## WORK TO BE COMPLETED:
Repeat verbatim each line from the line with "De esta forma, la" to the end of the entries. Pictures do not belong in the copy.

## MATERIAL TO PROCESS:
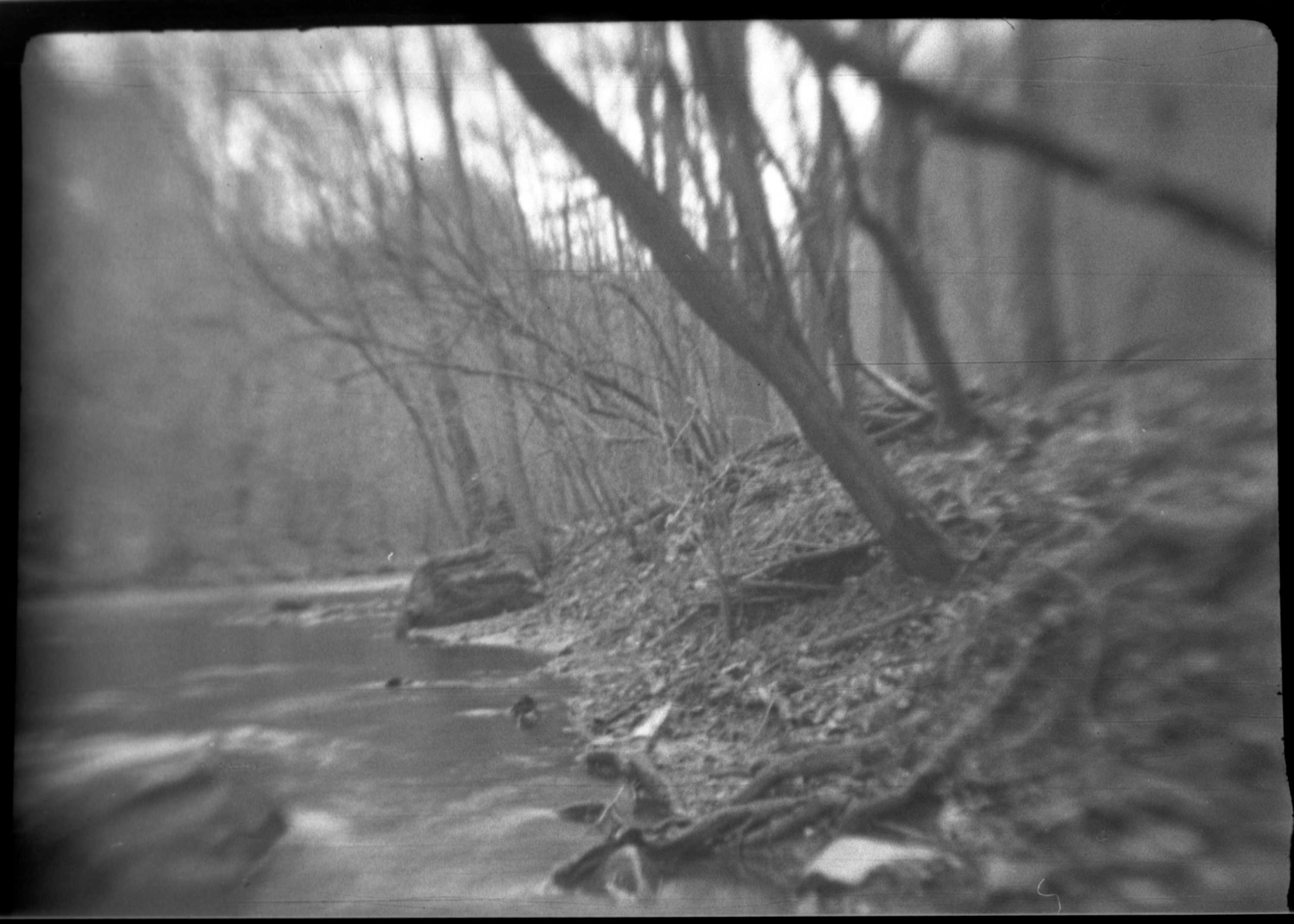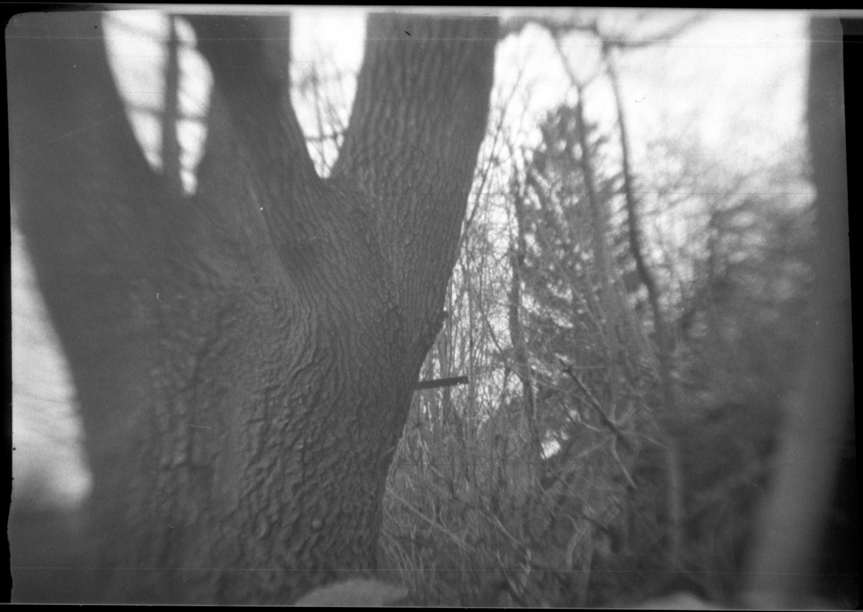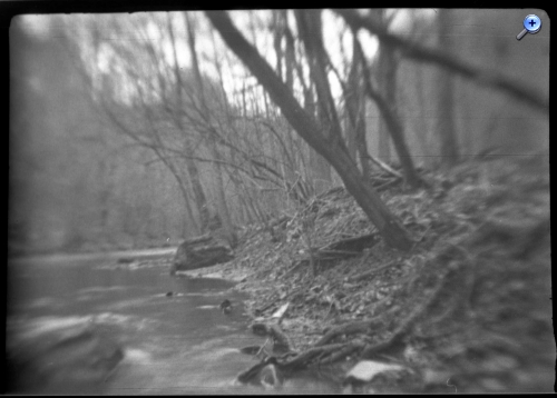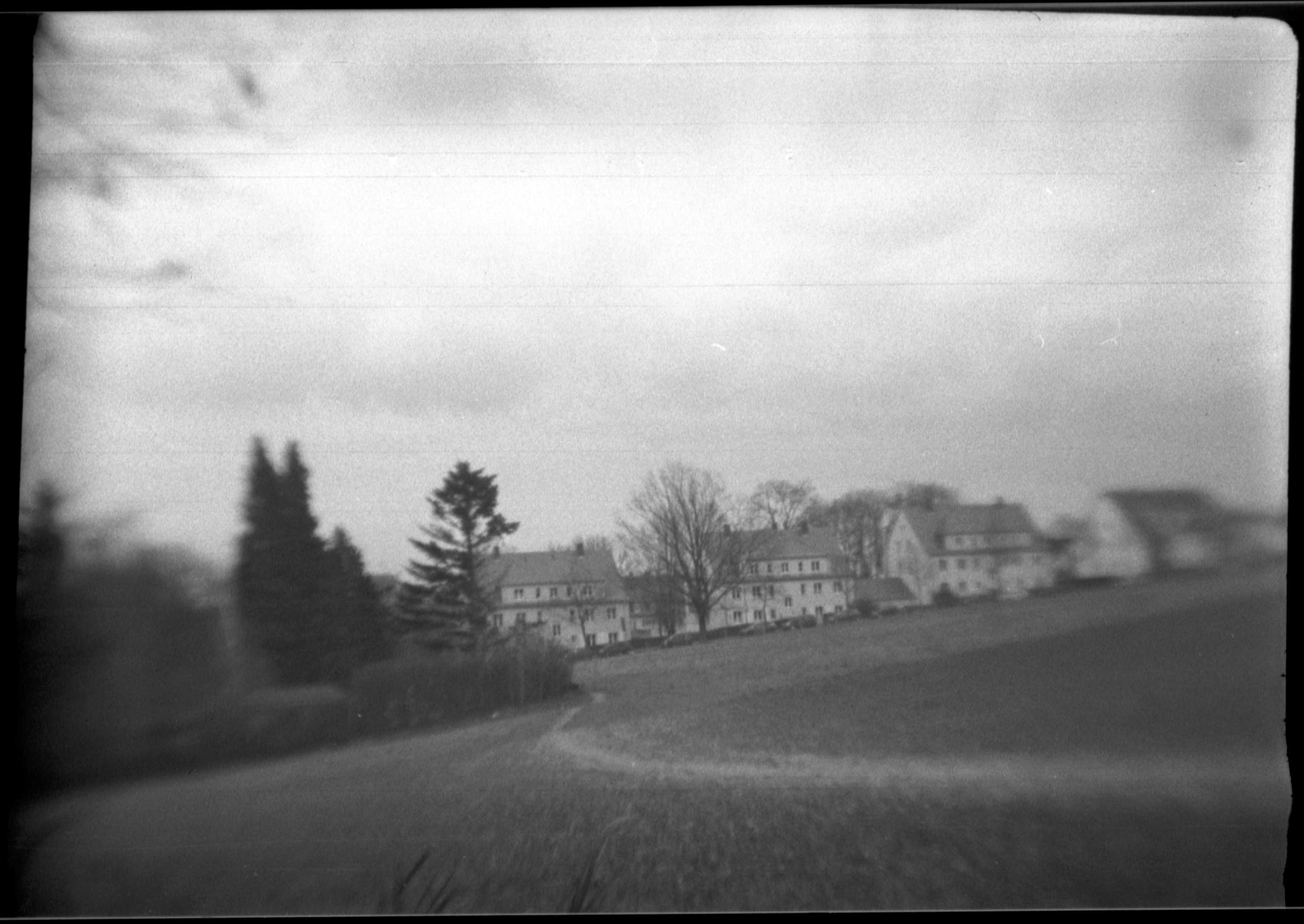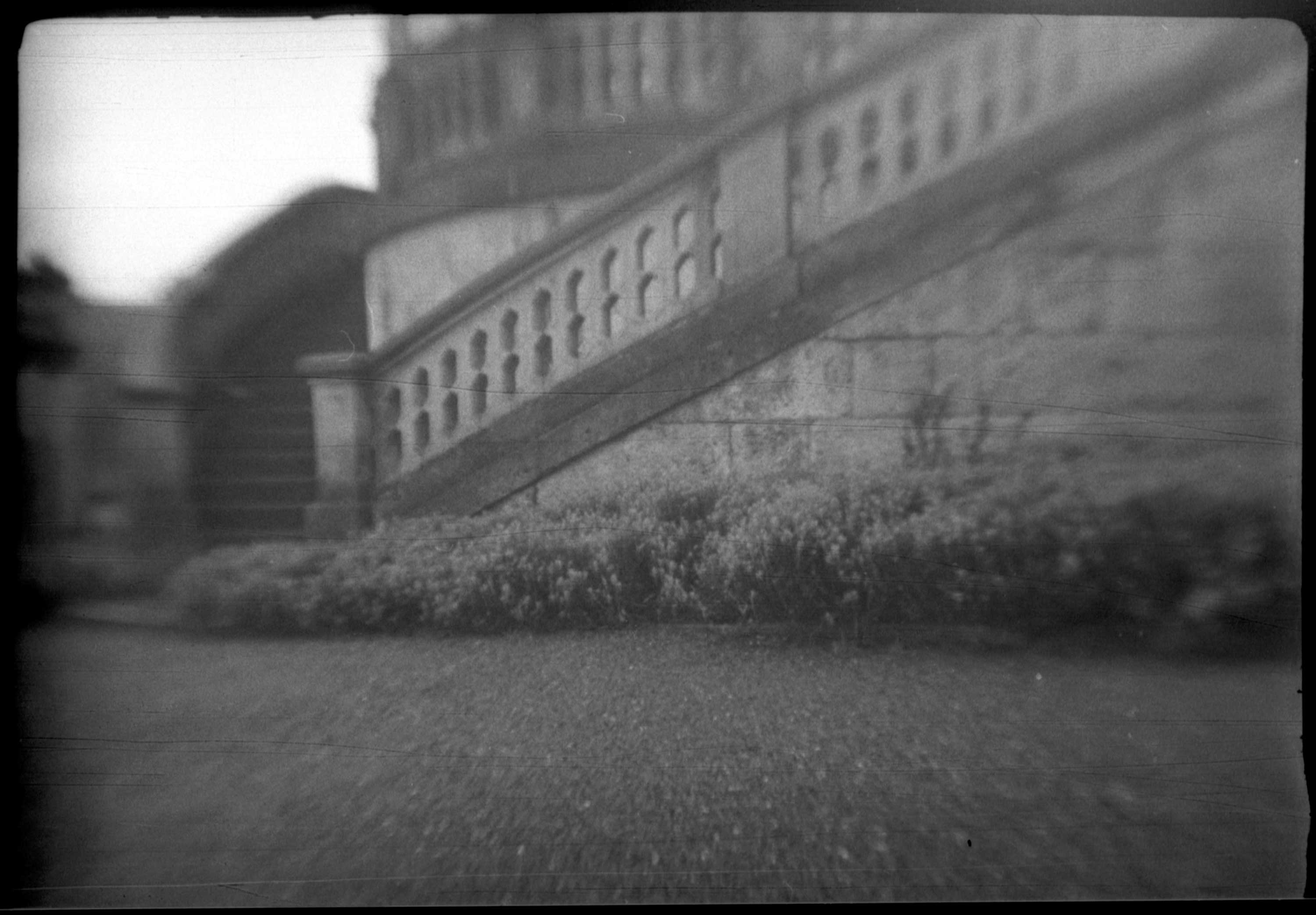 In dieser Größe sieht man auch deutlich die zahlreichen Kratzer, den die ‚Bildbühne‘ in der Emulsion hinterlassen hat und natürlich die üblichen Verunreinigungen vom Filmtrocknen und von Scannen. Man sie aber auch, dass die Kamera ihre Stärken (wenn man das so nennen kann) nur im ‚zentralen Mittelfeld‘ des Bildes hat. Nur dort ist so etwas wie Schärfe erkennbar. Zum Rand hin werden die Bilder sehr unscharf. Das kann meiner Meinung nach auch nicht an der minimalen Fokusdifferenz durch den falsch eingelegten Film liegen. Es scheint auch so, dass die Kamera eher für Nahaufnahmen geeignet ist, als für großräumige Landschaften.
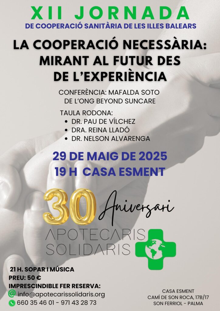Apotecaris Solidaris es complau a anunciar la celebració de la XII Jornada de Cooperació, titulada «La cooperació necessària: mirant al futur des de l’experiència», un esdeveniment clau en la seva agenda anual, que enguany coincideix amb el 30è aniversari de la fundació. Aquesta jornada es durà a terme el pròxim 29 de maig de 2025 a Casa Esment a les 19 hores, i reunirà professionals del sector farmacèutic, cooperants i representants d’entitats compromeses amb la salut global.
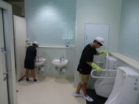 びしょ濡れになりながらも一生懸命に清掃をしてくれました。
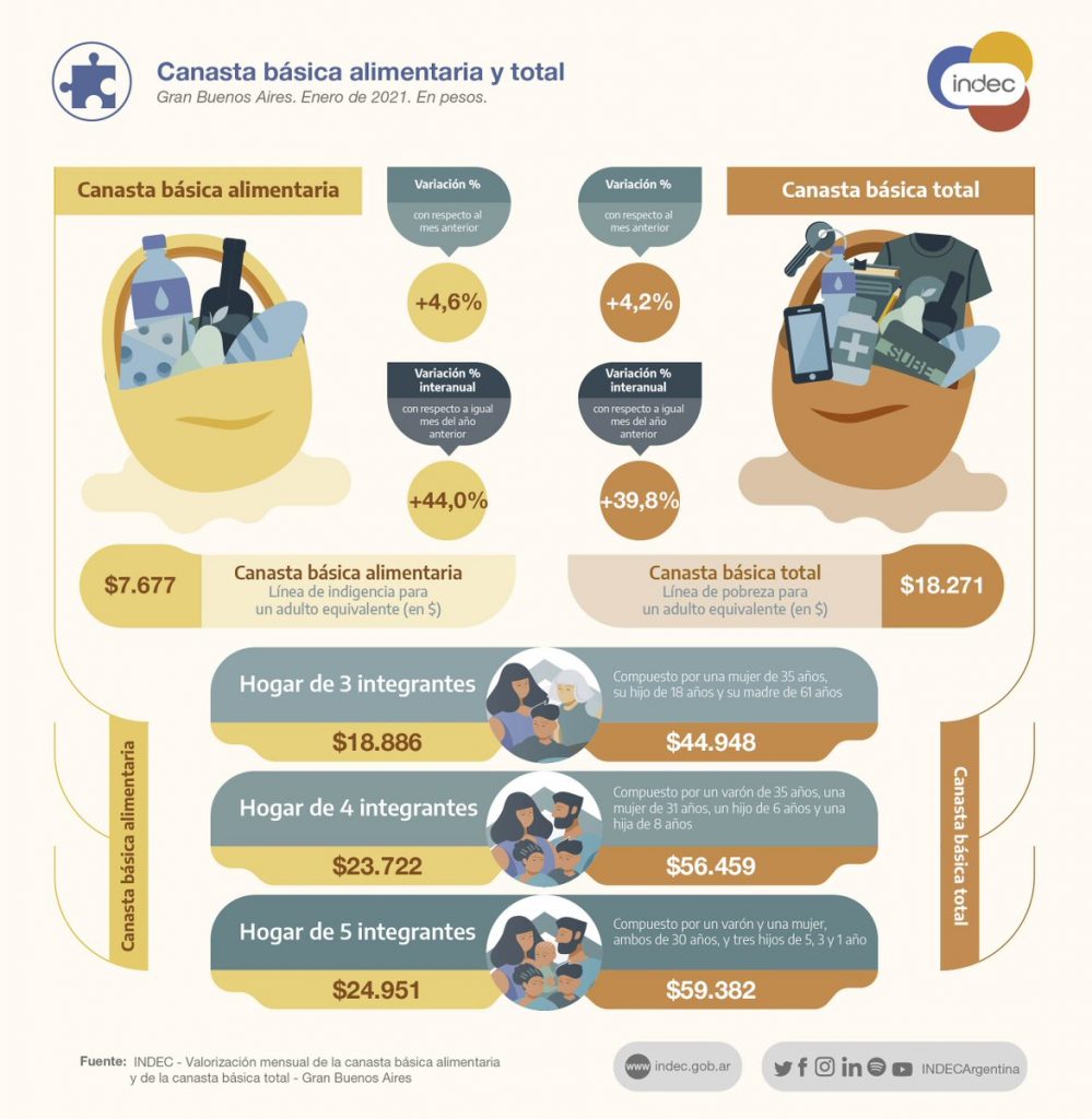 De esta forma, la CBT tuvo una variación de 39,8% respecto a igual mes del año anterior, mientras que la CBA registró un aumento de 44%, una diferencia que se explica porque las tarifas de servicios públicos y de transporte están prácticamente congeladas desde principios de 2020, mientras los precios del rubro de alimentos fueros de los que más subieron en los últimos meses.
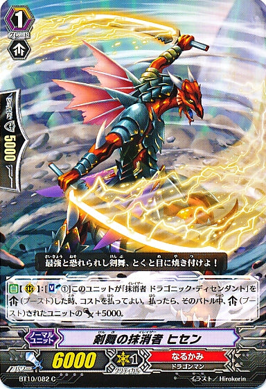 【自】【(R)】:[【ソウルブラスト】(1)]このユニットが「抹消者 ドラゴニック・ディセンダント」を【ブースト】した時、コストを払ってよい。払ったら、そのバトル中、【ブースト】されたユニットのパワー+5000。
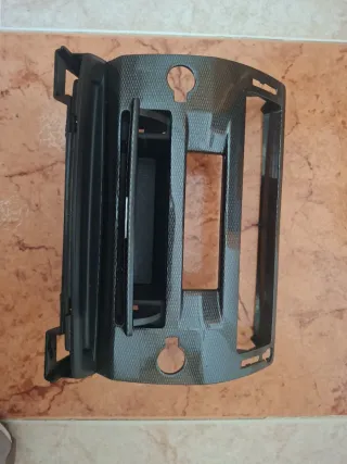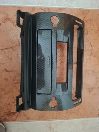 Consola central para Citroen C4 de la primera generación. Presenta un acabado con textura de fibra de carbono. - Diseño con huecos para radio y otros componentes. - Puntos de anclaje y sujeción visibles.
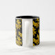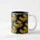 Detta dekorativa mugg har en abstrakt mönster av guldblommor av gult. Forsytias är en av de tidigaste blomstrande shruberna i vår. När den här blomman visar sina lysande guld-petaler i trädgården vet vi att vintern är borta i ytterligare ett år. Här står de på en rent svart bakgrund.
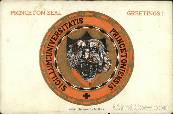 Front: SIGILLUM UNIVERSITAT PRINCETON SEAL Copyright 1907, by S. Bros. GREETINGS ! PRINGETONIENSIS Back: Mladen Bark 10- Mary Putman Com Sefert 1957 Stamp.
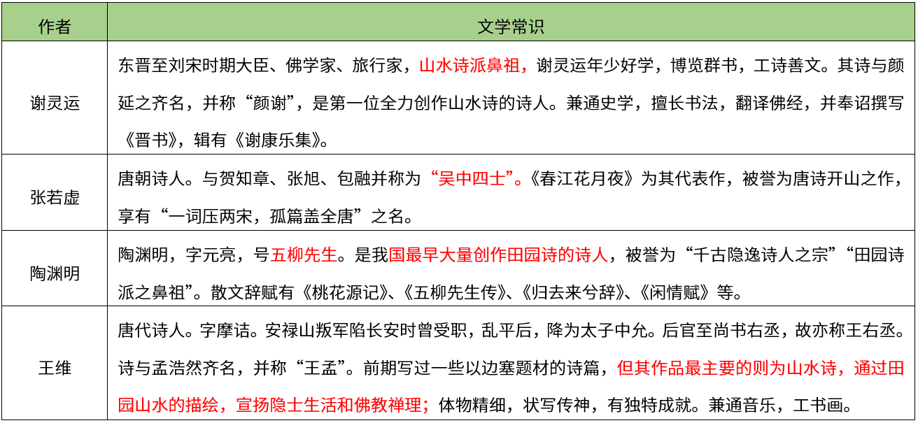【考点】本题考查文学常识-作家作品常识-中国古代文学【解析】陶渊明是我国最早大量创作田园诗的诗人。谢灵运是南朝宋诗人,最早大量创作山水诗。陶渊明与谢灵运并称为“陶谢”。张若虚是初唐诗人,以“文辞俊秀”而名扬于上京。王维为唐代山水田园诗人。故本题选C。【希赛点拨】
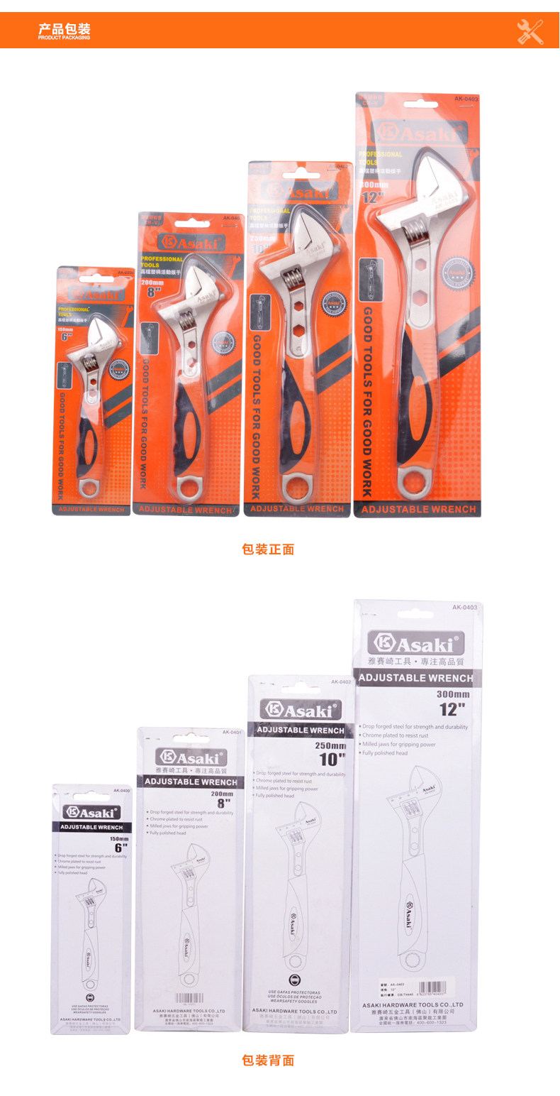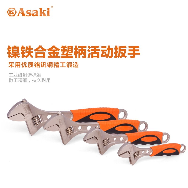 ASAKI nickel-iron alloy plastic handle movable wrench multi-use movable wrench coated movable wrench

## RESULT BELOW:
 De esta forma, la CBT tuvo una variación de 39,8% respecto a igual mes del año anterior, mientras que la CBA registró un aumento de 44%, una diferencia que se explica porque las tarifas de servicios públicos y de transporte están prácticamente congeladas desde principios de 2020, mientras los precios del rubro de alimentos fueros de los que más subieron en los últimos meses.
 【自】【(R)】:[【ソウルブラスト】(1)]このユニットが「抹消者 ドラゴニック・ディセンダント」を【ブースト】した時、コストを払ってよい。払ったら、そのバトル中、【ブースト】されたユニットのパワー+5000。
 Consola central para Citroen C4 de la primera generación. Presenta un acabado con textura de fibra de carbono. - Diseño con huecos para radio y otros componentes. - Puntos de anclaje y sujeción visibles.
 Detta dekorativa mugg har en abstrakt mönster av guldblommor av gult. Forsytias är en av de tidigaste blomstrande shruberna i vår. När den här blomman visar sina lysande guld-petaler i trädgården vet vi att vintern är borta i ytterligare ett år. Här står de på en rent svart bakgrund.
 Front: SIGILLUM UNIVERSITAT PRINCETON SEAL Copyright 1907, by S. Bros. GREETINGS ! PRINGETONIENSIS Back: Mladen Bark 10- Mary Putman Com Sefert 1957 Stamp.
【考点】本题考查文学常识-作家作品常识-中国古代文学【解析】陶渊明是我国最早大量创作田园诗的诗人。谢灵运是南朝宋诗人,最早大量创作山水诗。陶渊明与谢灵运并称为“陶谢”。张若虚是初唐诗人,以“文辞俊秀”而名扬于上京。王维为唐代山水田园诗人。故本题选C。【希赛点拨】
 ASAKI nickel-iron alloy plastic handle movable wrench multi-use movable wrench coated movable wrench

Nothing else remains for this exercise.